Alexander Hamilton argued that necessary could be construed as “convenient.” In support of his bill, he wrote, “It is certain that neither the grammatical nor popular sense of the term requires [a strict] construction. According to both, necessary often means no more than needful, requisite, incidental, useful, or conducive to.”
He continued, justifying his interpretation based on his view of the common usage of the word necessary.
“It is a common mode of expression to say, that it is necessary for a government or a person to do this or that thing, when nothing more is intended or understood, than that the interests of the government or person require, or will be promoted by, the doing of this or that thing.”
Randolph insisted this took the clause too far.
As one of the primary drafters of the necessary and proper clause during the Philadelphia convention, Randolph was keenly aware of the fact that “necessary and proper” was based on the legal doctrine of “principles and incidents.” He explained this in a speech at the Virginia Ratifying Convention, arguing “that the incident is inseparable from the principal, is a maxim in the construction of laws.”
But Randolph also argued that “a Constitution differs from a law.—For a law only embraces one thing—But a Constitution embraces a number of things, and is to have a more liberal construction.”
In other words, the necessary and proper clause allowed for the exercise only of “incidental powers,” meaning a power that is necessary to achieve a specific purpose, even though it is not explicitly granted, but in a constitution, this should be construed more broadly than in a statute.
Randolph’s view of the clause wasn’t as narrow as other opponents of the Bank. Jefferson and Madison took the position, as Jefferson put it, that “the Constitution restrained them to the necessary means, that is to say, to those means without which the grant of power would be nugatory.”
Madison put it this way.
“Its meaning must, according to the natural and obvious force of the terms and the context, be limited to means necessary to the end and incident to the nature of the specified powers.”
In effect, Madison and Jefferson both argued the clause was merely declaratory, or as Randolph described their view, superfluous..
Randolph thought the clause offered more latitude than Jefferson and Madison claimed, but not nearly as much as Hamilton did. In his view, the exercise of “incidental” powers was broader than merely those which are absolutely necessary. He argued that “to be necessary is to be incidental, or in other words may be denominated the natural means of executing a power.”
During the Virginia Ratifying Convention, Randolph called his view the “intermediate explanation” of the clause between an interpretation, like Jefferson’s, that Randolph argued made the clause superfluous and those, like Hamilton’s that made it “sweeping.”
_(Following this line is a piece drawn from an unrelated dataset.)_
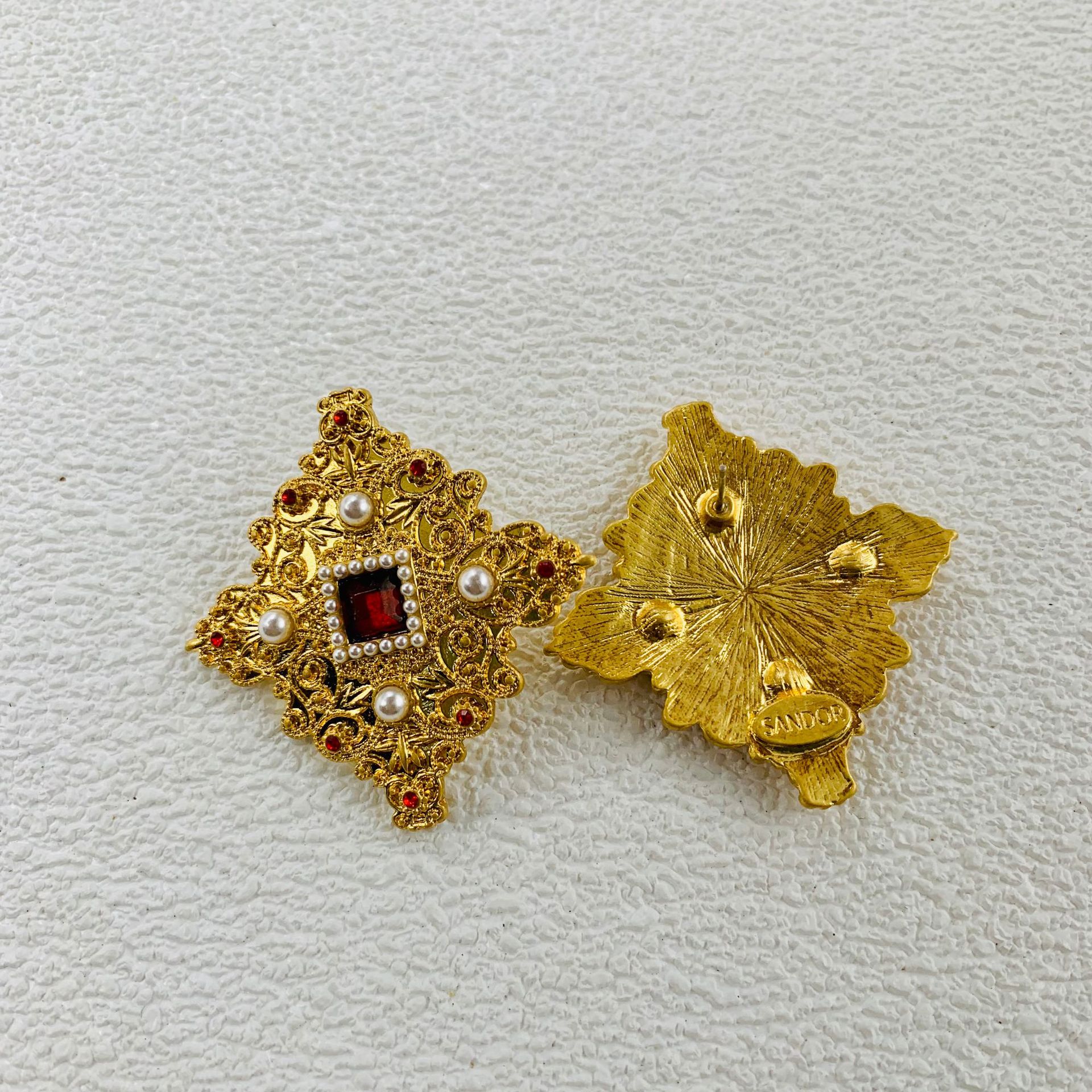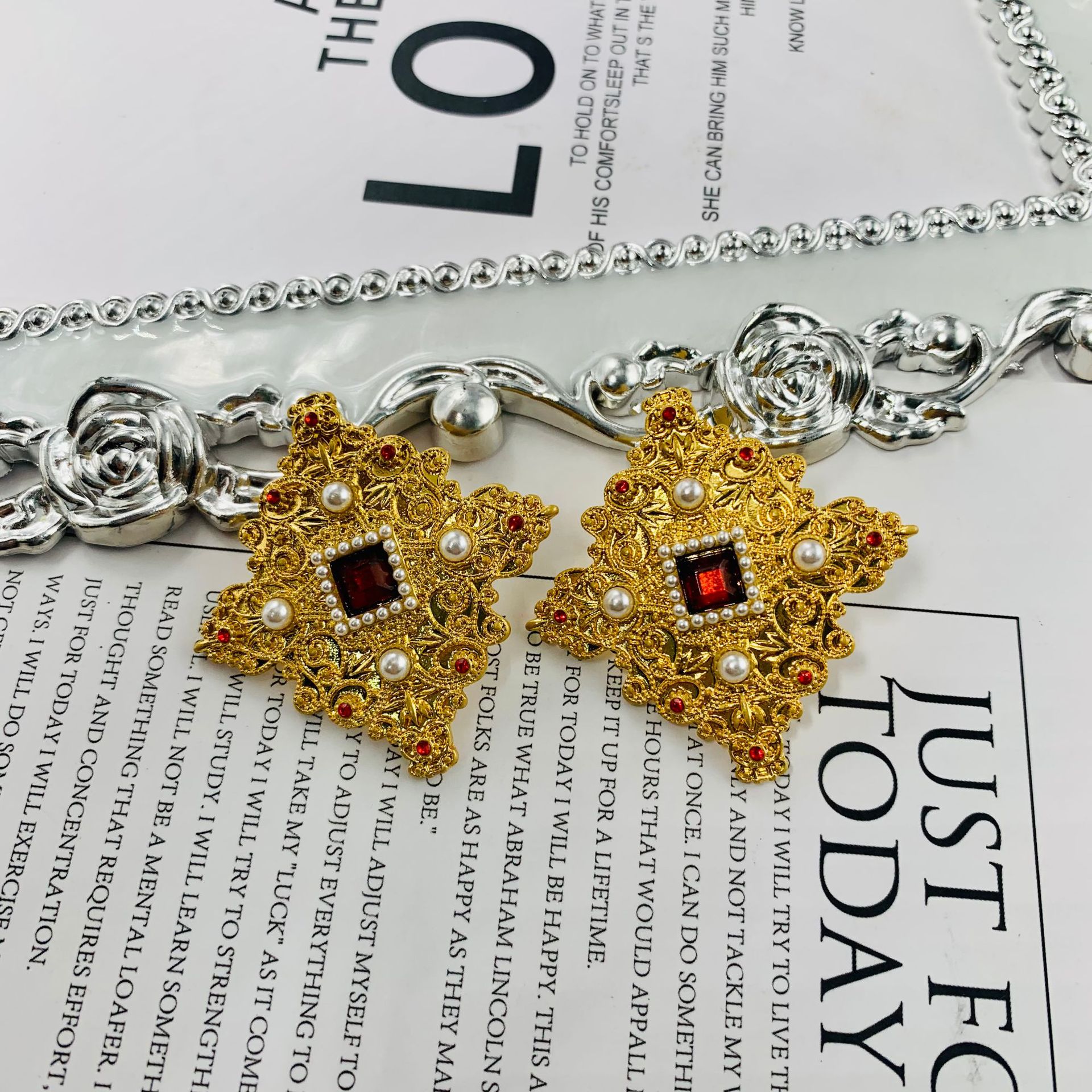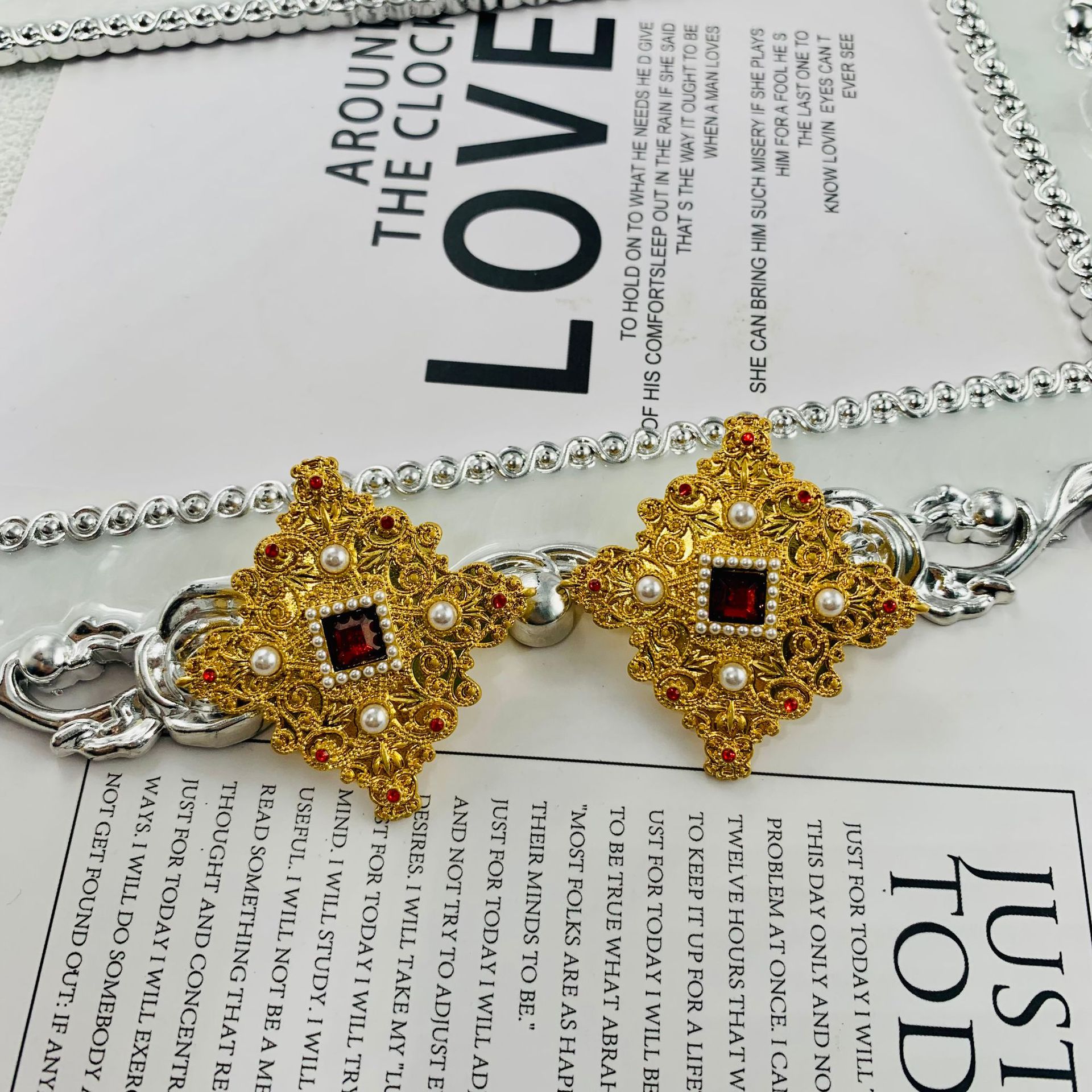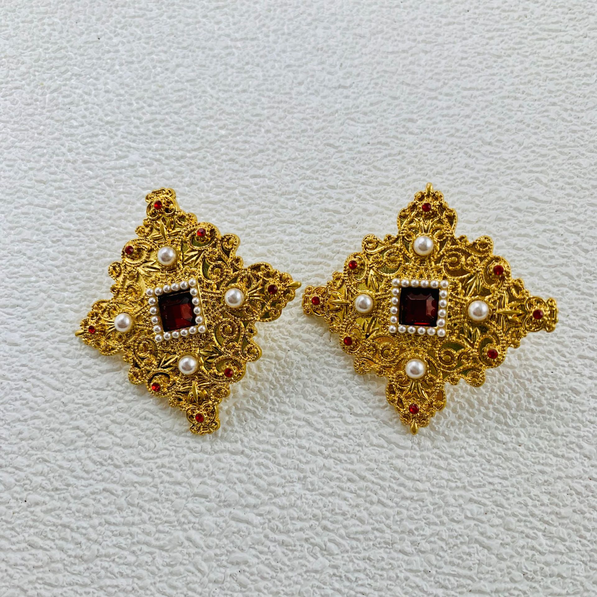 中古vintage 西洋復古方形宮廷風滿鑲925銀針電鍍真金打標耳釘
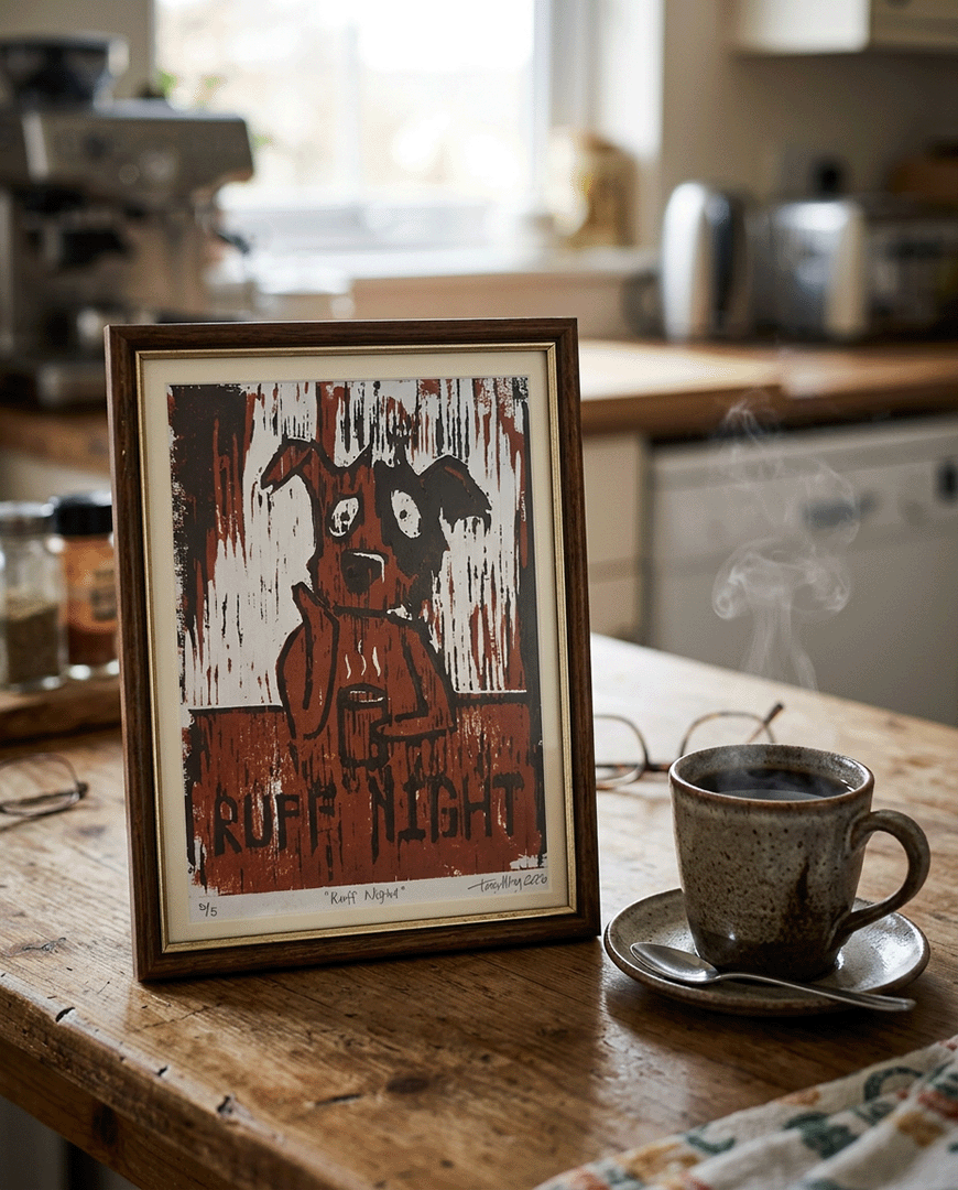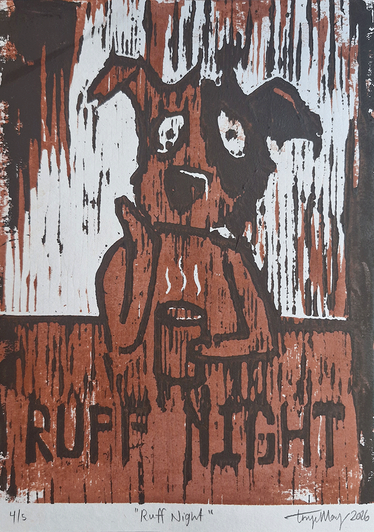 Reduction Woodcut Print: Ruff Night 4/5

But despite his nuanced difference with Jefferson and Madison, Randolph insisted that supporters of the bank “ought not to claim any advantage from this clause.”
And he warned a broad construction of incidental powers comes with great risk.
“However, let it be propounded as an eternal question to those, who build new powers on this clause, whether the latitude of construction which they arrogate, will not terminate in an unlimitted power in Congress?”
Randolph summed up his analysis by declaring that “so far as it incorporates the bank, he is bound to declare his opinion to be against its constitutionality.”
While Randolph came down firmly against the Bank Bill on constitutional grounds, his position was more moderate and nuanced than more vocal opponents of the bank, including Madison and Jefferson.
He allowed for somewhat more latitude in the exercise of federal power under the Necessary and Proper Clause, but not enough to justify incorporating a bank. Ultimately, he took a middle-ground position that still excluded the power to create a national bank.